[Problem statement]
Once you find the line with "Ürün Adı: A4" in the entries below, print it and each line after it up to and including the line with "Und damit beginnt", exactly, without pictures.

** Opening Records supplied block **

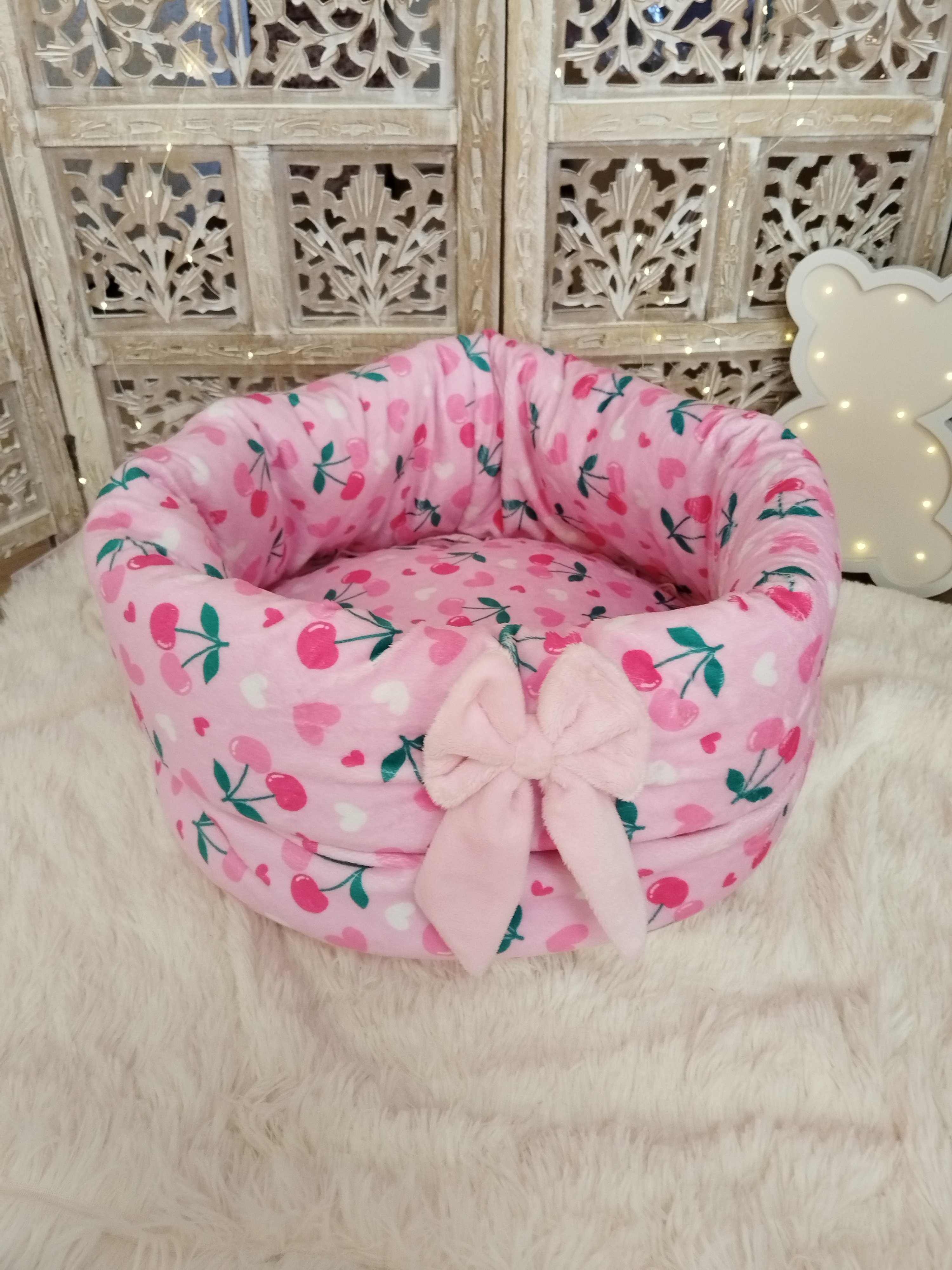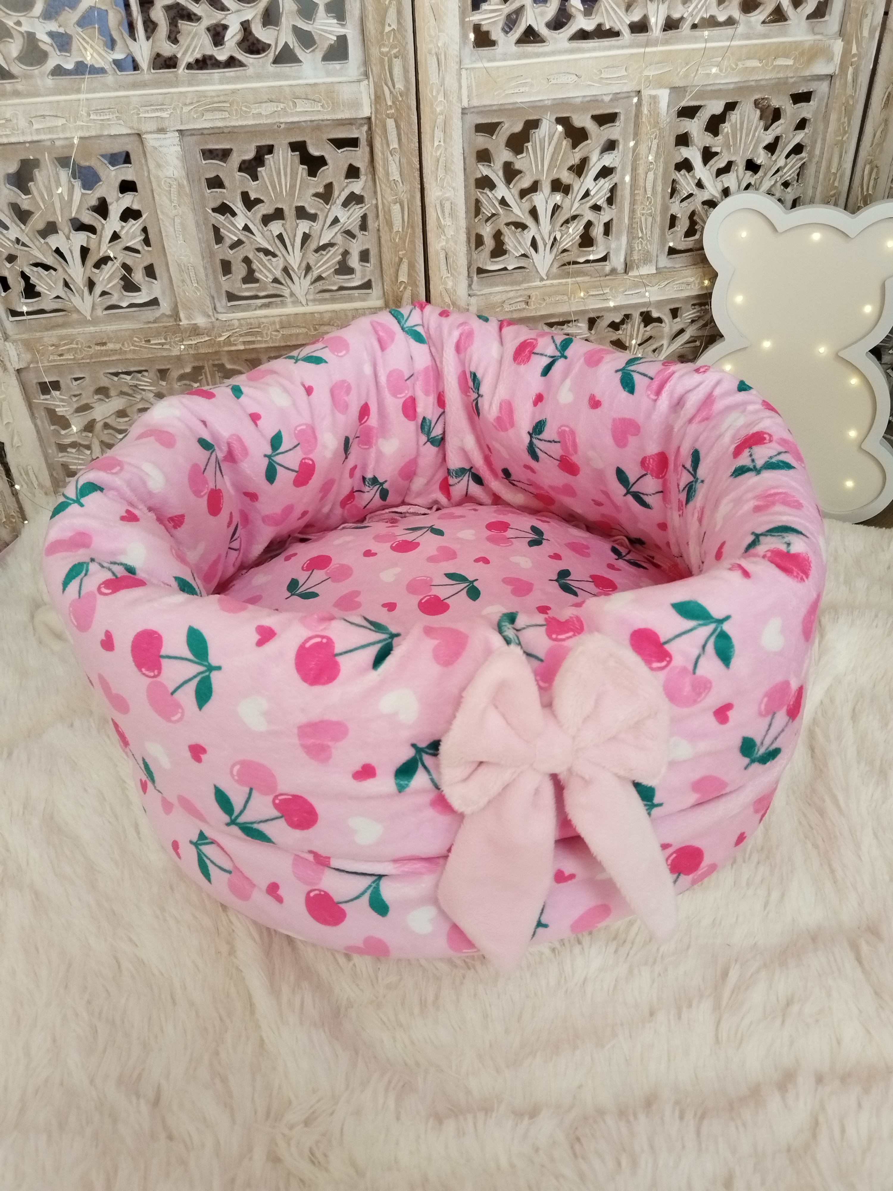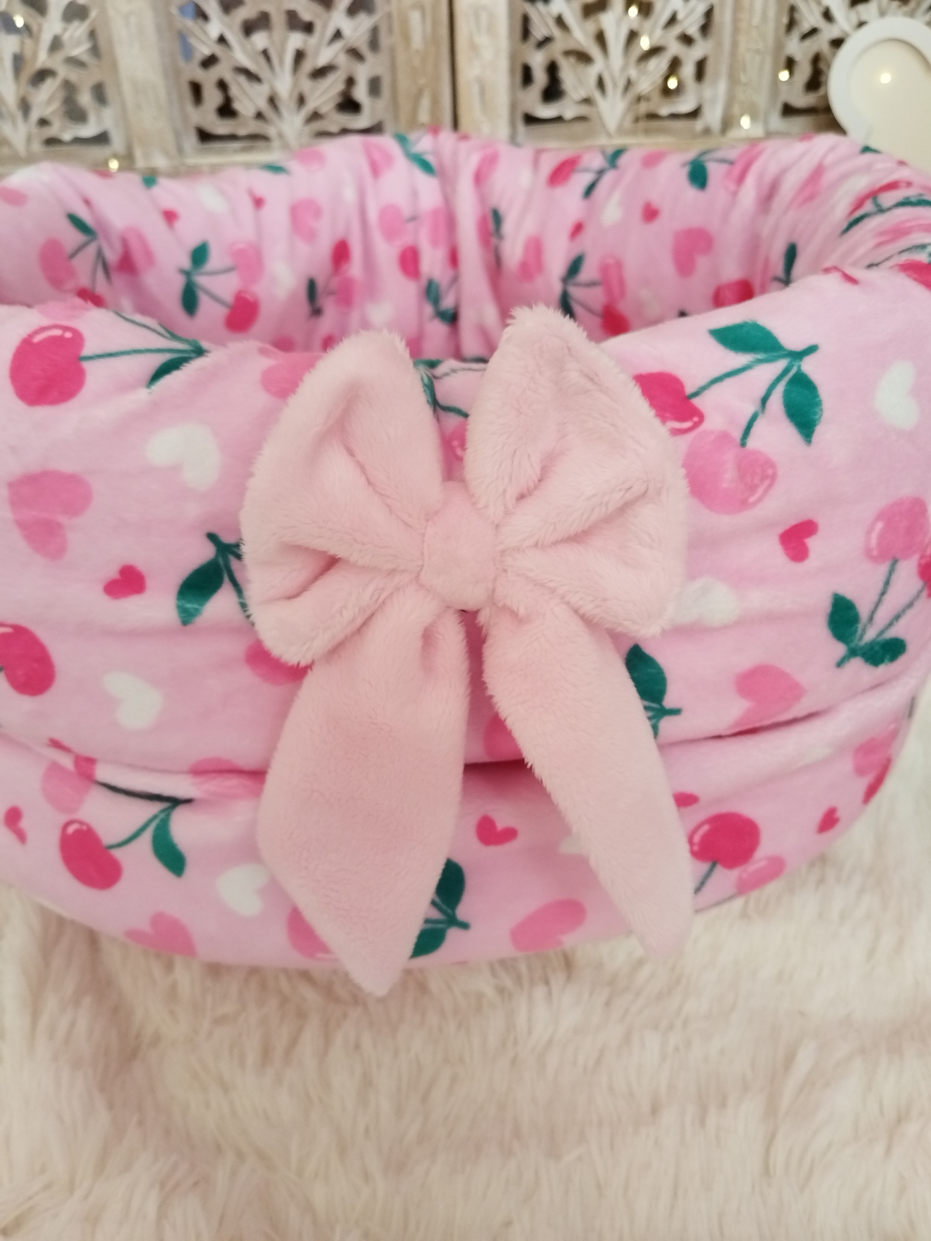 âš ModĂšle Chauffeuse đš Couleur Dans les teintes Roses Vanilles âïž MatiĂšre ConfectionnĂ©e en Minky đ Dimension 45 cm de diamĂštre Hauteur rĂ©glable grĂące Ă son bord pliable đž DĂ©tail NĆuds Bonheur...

** Closing Records supplied block **
** Opening Records supplied block **

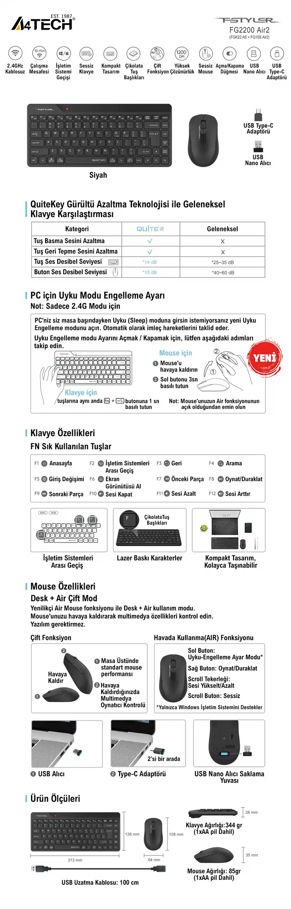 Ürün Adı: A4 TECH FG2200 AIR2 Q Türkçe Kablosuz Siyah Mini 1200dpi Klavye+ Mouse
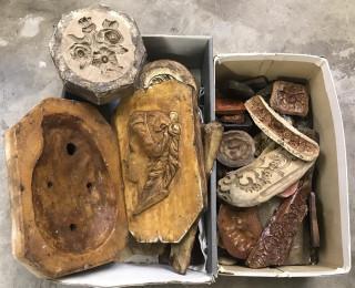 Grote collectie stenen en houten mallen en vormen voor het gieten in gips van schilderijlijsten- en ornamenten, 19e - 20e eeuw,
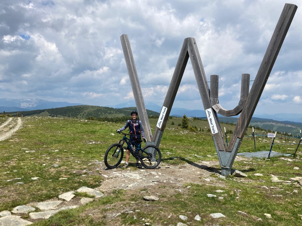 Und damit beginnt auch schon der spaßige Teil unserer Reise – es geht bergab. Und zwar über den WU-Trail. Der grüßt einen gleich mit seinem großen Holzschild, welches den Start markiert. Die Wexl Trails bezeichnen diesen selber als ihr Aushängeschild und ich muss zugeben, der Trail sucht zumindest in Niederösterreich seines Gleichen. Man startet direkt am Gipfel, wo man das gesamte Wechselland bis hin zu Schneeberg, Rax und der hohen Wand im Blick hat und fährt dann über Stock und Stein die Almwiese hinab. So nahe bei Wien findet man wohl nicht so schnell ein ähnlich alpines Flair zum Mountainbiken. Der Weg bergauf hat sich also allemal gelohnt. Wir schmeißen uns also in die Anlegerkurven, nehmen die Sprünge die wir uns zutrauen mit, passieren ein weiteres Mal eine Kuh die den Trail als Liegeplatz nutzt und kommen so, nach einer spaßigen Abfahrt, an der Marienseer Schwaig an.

** Closing Records supplied block **
** Opening Records supplied block **

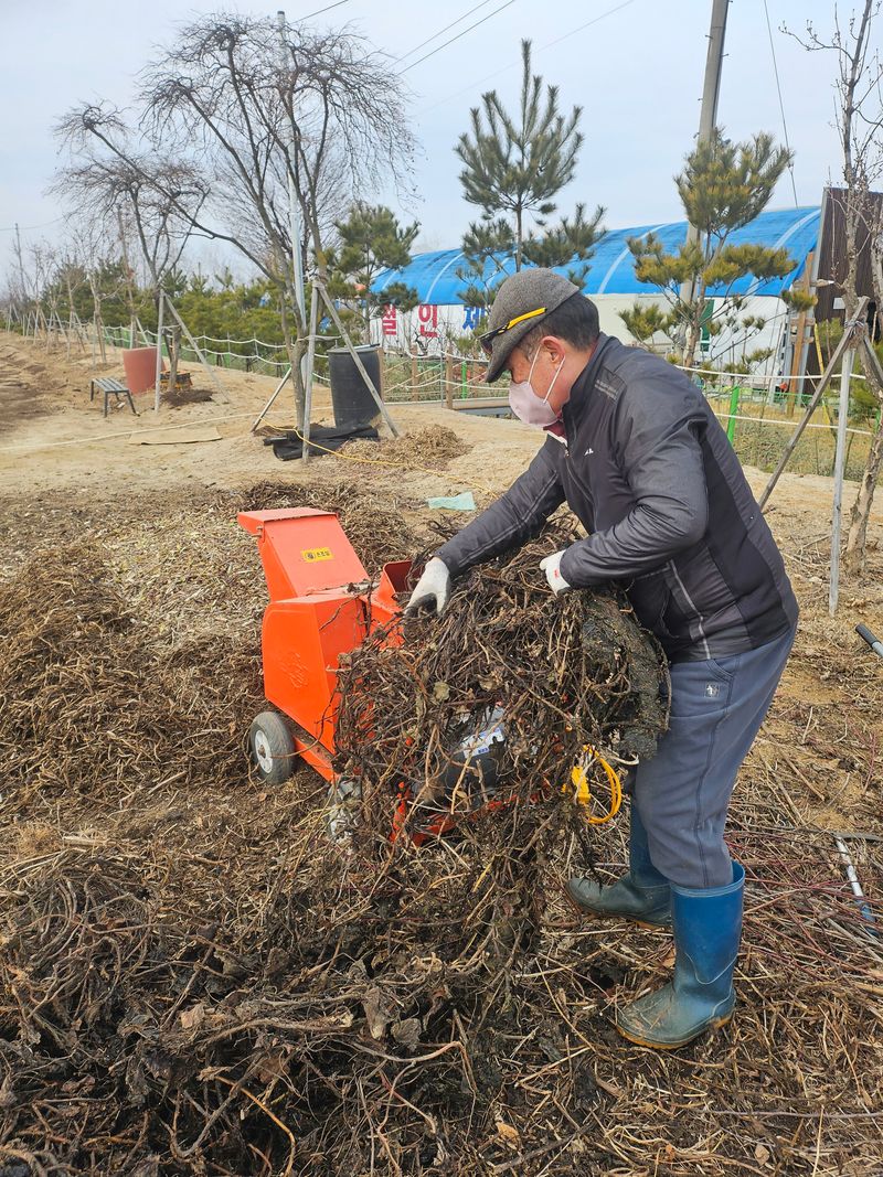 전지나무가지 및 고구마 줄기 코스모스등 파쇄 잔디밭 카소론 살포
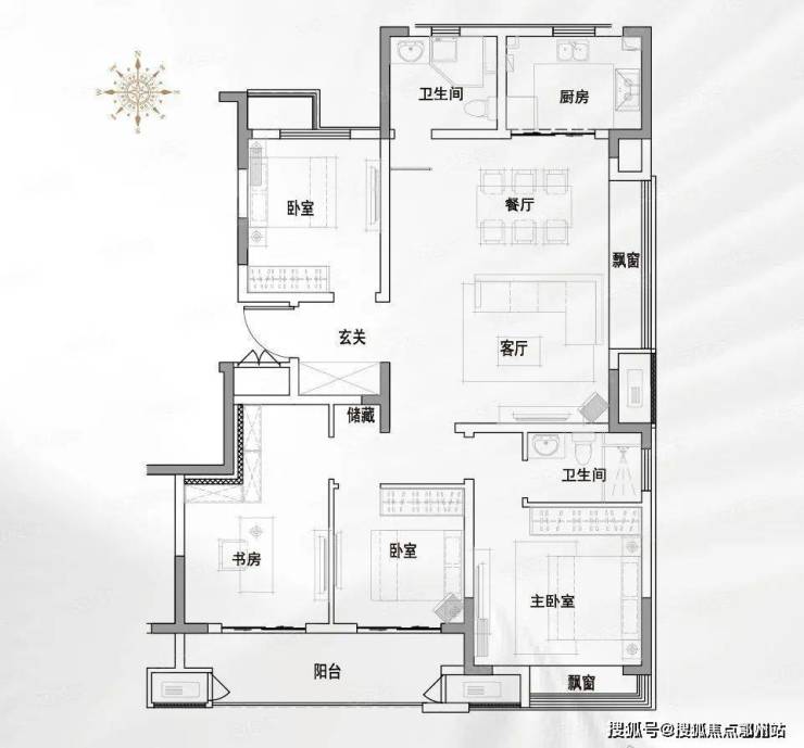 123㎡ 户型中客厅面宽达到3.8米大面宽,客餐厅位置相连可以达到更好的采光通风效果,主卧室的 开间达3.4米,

** Closing Records supplied block **

[Exercise answer]
 Ürün Adı: A4 TECH FG2200 AIR2 Q Türkçe Kablosuz Siyah Mini 1200dpi Klavye+ Mouse
 Grote collectie stenen en houten mallen en vormen voor het gieten in gips van schilderijlijsten- en ornamenten, 19e - 20e eeuw,
 Und damit beginnt auch schon der spaßige Teil unserer Reise – es geht bergab. Und zwar über den WU-Trail. Der grüßt einen gleich mit seinem großen Holzschild, welches den Start markiert. Die Wexl Trails bezeichnen diesen selber als ihr Aushängeschild und ich muss zugeben, der Trail sucht zumindest in Niederösterreich seines Gleichen. Man startet direkt am Gipfel, wo man das gesamte Wechselland bis hin zu Schneeberg, Rax und der hohen Wand im Blick hat und fährt dann über Stock und Stein die Almwiese hinab. So nahe bei Wien findet man wohl nicht so schnell ein ähnlich alpines Flair zum Mountainbiken. Der Weg bergauf hat sich also allemal gelohnt. Wir schmeißen uns also in die Anlegerkurven, nehmen die Sprünge die wir uns zutrauen mit, passieren ein weiteres Mal eine Kuh die den Trail als Liegeplatz nutzt und kommen so, nach einer spaßigen Abfahrt, an der Marienseer Schwaig an.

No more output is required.